CVE Alert: CVE-2025-9322 – themeisle – Stripe Payment Forms by WP Full Pay – Accept Credit Card Payments, Donations & Subscriptions
CVE-2025-9322
The Stripe Payment Forms by WP Full Pay – Accept Credit Card Payments, Donations & Subscriptions plugin for WordPress is vulnerable to SQL Injection via the ‘wpfs-form-name’ parameter in all versions up to, and including, 8.3.1 due to insufficient escaping on the user supplied parameter and lack of sufficient preparation on the existing SQL query. This makes it possible for unauthenticated attackers to append additional SQL queries into already existing queries that can be used to extract sensitive information from the database.
AI Summary Analysis
Risk verdict
High risk: unauthenticated, network-facing SQL injection could lead to exposure of sensitive data from affected sites.
Why this matters
The flaw allows an attacker to append arbitrary SQL to existing queries, potentially leaking customer data stored in the database. With no authentication or user interaction required, even opportunistic scans could trigger data disclosures on exposed sites that use the vulnerable form.
Most likely attack path
An attacker targets a publicly accessible endpoint that accepts the wpfs-form-name parameter, sending crafted input to bypass escaping. Because authentication and user interaction are not required, exploitation can be attempted remotely with minimal preconditions, relying on the attacker’s ability to induce a vulnerable query to expose data. The impact is strictly confidentiality (high); no direct integrity or availability degradation is indicated.
Who is most exposed
WordPress sites that have the affected plugin installed, especially public-facing e-commerce or donation pages that process Stripe payments, and sites on shared or protected hosting with exposed web endpoints.
Detection ideas
- Logs showing unusual values in the form-name parameter or SQL-like payloads in requests.
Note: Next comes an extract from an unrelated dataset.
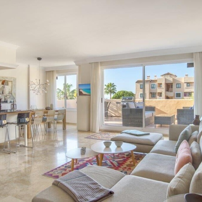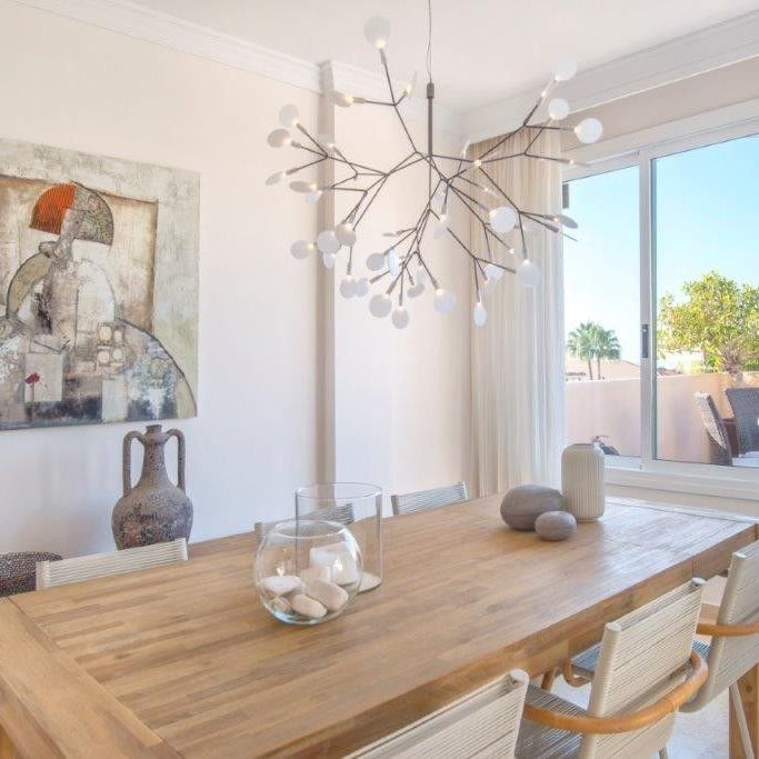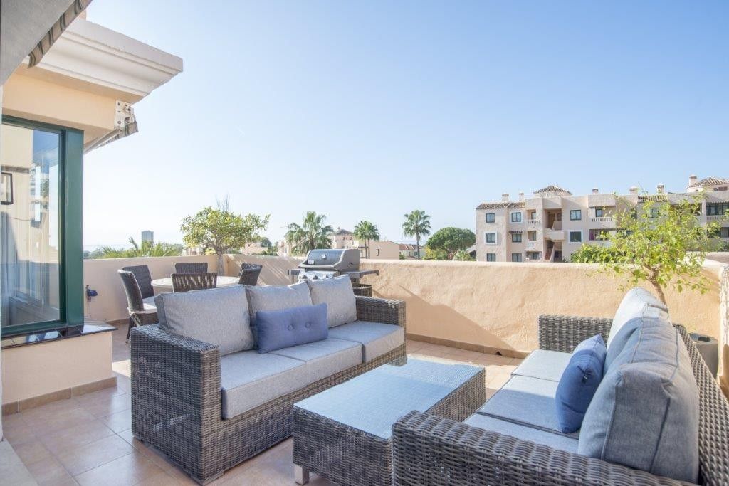 This 114 m2 corner penthouse apartment in 2 nd. floor, with elevator and staircase. The apartment is newly renovated in modern design located in El Manantial, Elviria. Great view over the sea, large terrace with sun all day.

- DB query logs or error logs indicating malformed or injected SQL via the vulnerable parameter.
- WAF alerts for atypical SQL injection patterns targeting the endpoint.
- Rapid spikes in data export attempts or unusual data access patterns from the database.
Mitigation and prioritisation
- Apply patch or upgrade to the fixed version as soon as available; if not feasible, disable the vulnerable endpoint or plugin temporarily.
- Implement WAF/IPS rules to block SQL injection attempts targeting the form-name parameter; tighten input validation.
- Harden database access paths and enable enhanced DB activity logging; restrict excessive data exposure.
- Schedule a deployment window for remediation with testing in staging; communicate potential site impact to stakeholders.
- If KEV or EPSS indicators emerge in future feeds, treat as priority 1.